## [WHAT IS EXPECTED]
Transcribe the entries exactly. Omit the pictures.

## [TASK INPUTS]

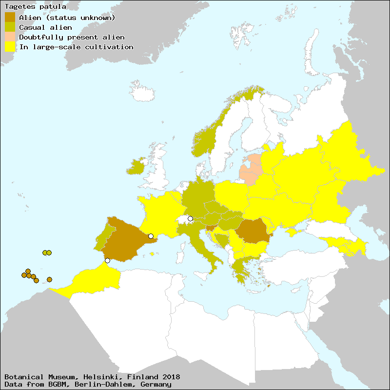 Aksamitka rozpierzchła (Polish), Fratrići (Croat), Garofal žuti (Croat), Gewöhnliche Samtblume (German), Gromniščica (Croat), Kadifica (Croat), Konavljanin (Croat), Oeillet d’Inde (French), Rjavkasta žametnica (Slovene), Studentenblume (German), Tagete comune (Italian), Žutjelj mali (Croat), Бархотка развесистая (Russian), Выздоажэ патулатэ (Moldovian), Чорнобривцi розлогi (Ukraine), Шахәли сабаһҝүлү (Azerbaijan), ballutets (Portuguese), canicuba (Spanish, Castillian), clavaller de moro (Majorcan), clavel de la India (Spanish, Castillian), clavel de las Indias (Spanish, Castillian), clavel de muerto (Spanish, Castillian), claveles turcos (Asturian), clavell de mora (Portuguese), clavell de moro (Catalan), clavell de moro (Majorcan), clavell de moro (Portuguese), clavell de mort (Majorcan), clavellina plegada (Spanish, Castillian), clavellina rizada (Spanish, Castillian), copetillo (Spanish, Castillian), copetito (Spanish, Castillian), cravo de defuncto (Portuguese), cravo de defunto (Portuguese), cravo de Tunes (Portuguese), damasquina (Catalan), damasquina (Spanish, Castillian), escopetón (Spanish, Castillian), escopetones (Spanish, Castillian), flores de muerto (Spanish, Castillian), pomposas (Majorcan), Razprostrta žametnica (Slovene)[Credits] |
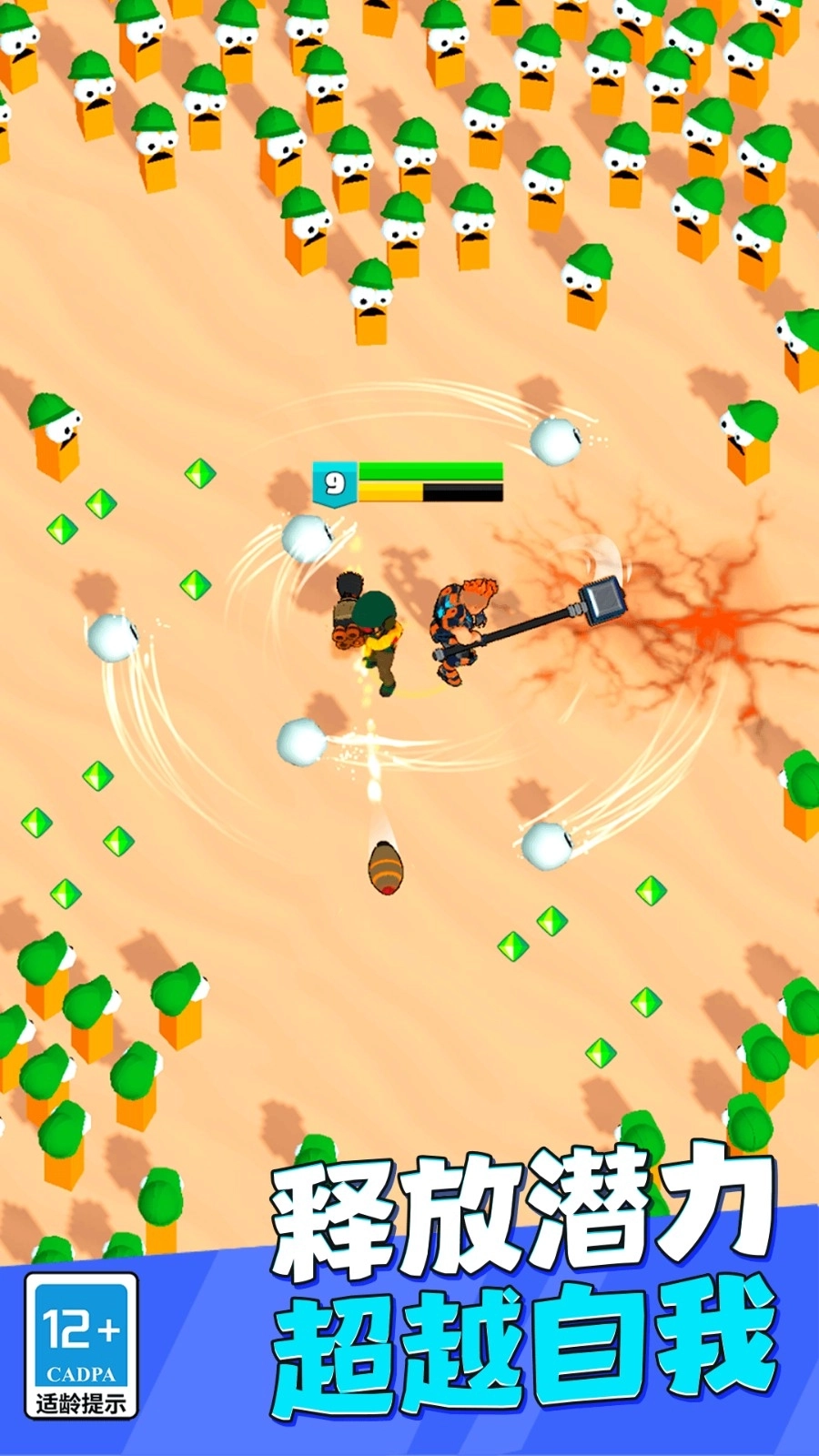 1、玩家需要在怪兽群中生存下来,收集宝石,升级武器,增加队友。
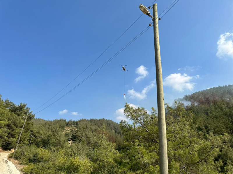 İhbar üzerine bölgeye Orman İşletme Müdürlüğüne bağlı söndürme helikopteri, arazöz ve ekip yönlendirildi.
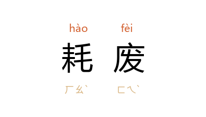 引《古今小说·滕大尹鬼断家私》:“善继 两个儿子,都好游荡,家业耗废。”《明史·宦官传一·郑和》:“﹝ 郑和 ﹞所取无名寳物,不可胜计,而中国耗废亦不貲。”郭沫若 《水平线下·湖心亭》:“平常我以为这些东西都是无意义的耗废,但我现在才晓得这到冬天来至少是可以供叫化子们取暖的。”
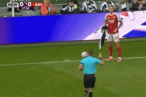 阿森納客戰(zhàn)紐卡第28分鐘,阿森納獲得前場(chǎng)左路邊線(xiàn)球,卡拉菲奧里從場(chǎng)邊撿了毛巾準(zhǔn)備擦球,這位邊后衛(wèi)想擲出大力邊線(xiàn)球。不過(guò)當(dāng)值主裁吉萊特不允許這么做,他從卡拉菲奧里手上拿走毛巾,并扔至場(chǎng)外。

## [SOLUTION FOR THIS PROBLEM]
 Aksamitka rozpierzchła (Polish), Fratrići (Croat), Garofal žuti (Croat), Gewöhnliche Samtblume (German), Gromniščica (Croat), Kadifica (Croat), Konavljanin (Croat), Oeillet d’Inde (French), Rjavkasta žametnica (Slovene), Studentenblume (German), Tagete comune (Italian), Žutjelj mali (Croat), Бархотка развесистая (Russian), Выздоажэ патулатэ (Moldovian), Чорнобривцi розлогi (Ukraine), Шахәли сабаһҝүлү (Azerbaijan), ballutets (Portuguese), canicuba (Spanish, Castillian), clavaller de moro (Majorcan), clavel de la India (Spanish, Castillian), clavel de las Indias (Spanish, Castillian), clavel de muerto (Spanish, Castillian), claveles turcos (Asturian), clavell de mora (Portuguese), clavell de moro (Catalan), clavell de moro (Majorcan), clavell de moro (Portuguese), clavell de mort (Majorcan), clavellina plegada (Spanish, Castillian), clavellina rizada (Spanish, Castillian), copetillo (Spanish, Castillian), copetito (Spanish, Castillian), cravo de defuncto (Portuguese), cravo de defunto (Portuguese), cravo de Tunes (Portuguese), damasquina (Catalan), damasquina (Spanish, Castillian), escopetón (Spanish, Castillian), escopetones (Spanish, Castillian), flores de muerto (Spanish, Castillian), pomposas (Majorcan), Razprostrta žametnica (Slovene)[Credits] |
 1、玩家需要在怪兽群中生存下来,收集宝石,升级武器,增加队友。
 İhbar üzerine bölgeye Orman İşletme Müdürlüğüne bağlı söndürme helikopteri, arazöz ve ekip yönlendirildi.
 引《古今小说·滕大尹鬼断家私》:“善继 两个儿子,都好游荡,家业耗废。”《明史·宦官传一·郑和》:“﹝ 郑和 ﹞所取无名寳物,不可胜计,而中国耗废亦不貲。”郭沫若 《水平线下·湖心亭》:“平常我以为这些东西都是无意义的耗废,但我现在才晓得这到冬天来至少是可以供叫化子们取暖的。”
 阿森納客戰(zhàn)紐卡第28分鐘,阿森納獲得前場(chǎng)左路邊線(xiàn)球,卡拉菲奧里從場(chǎng)邊撿了毛巾準(zhǔn)備擦球,這位邊后衛(wèi)想擲出大力邊線(xiàn)球。不過(guò)當(dāng)值主裁吉萊特不允許這么做,他從卡拉菲奧里手上拿走毛巾,并扔至場(chǎng)外。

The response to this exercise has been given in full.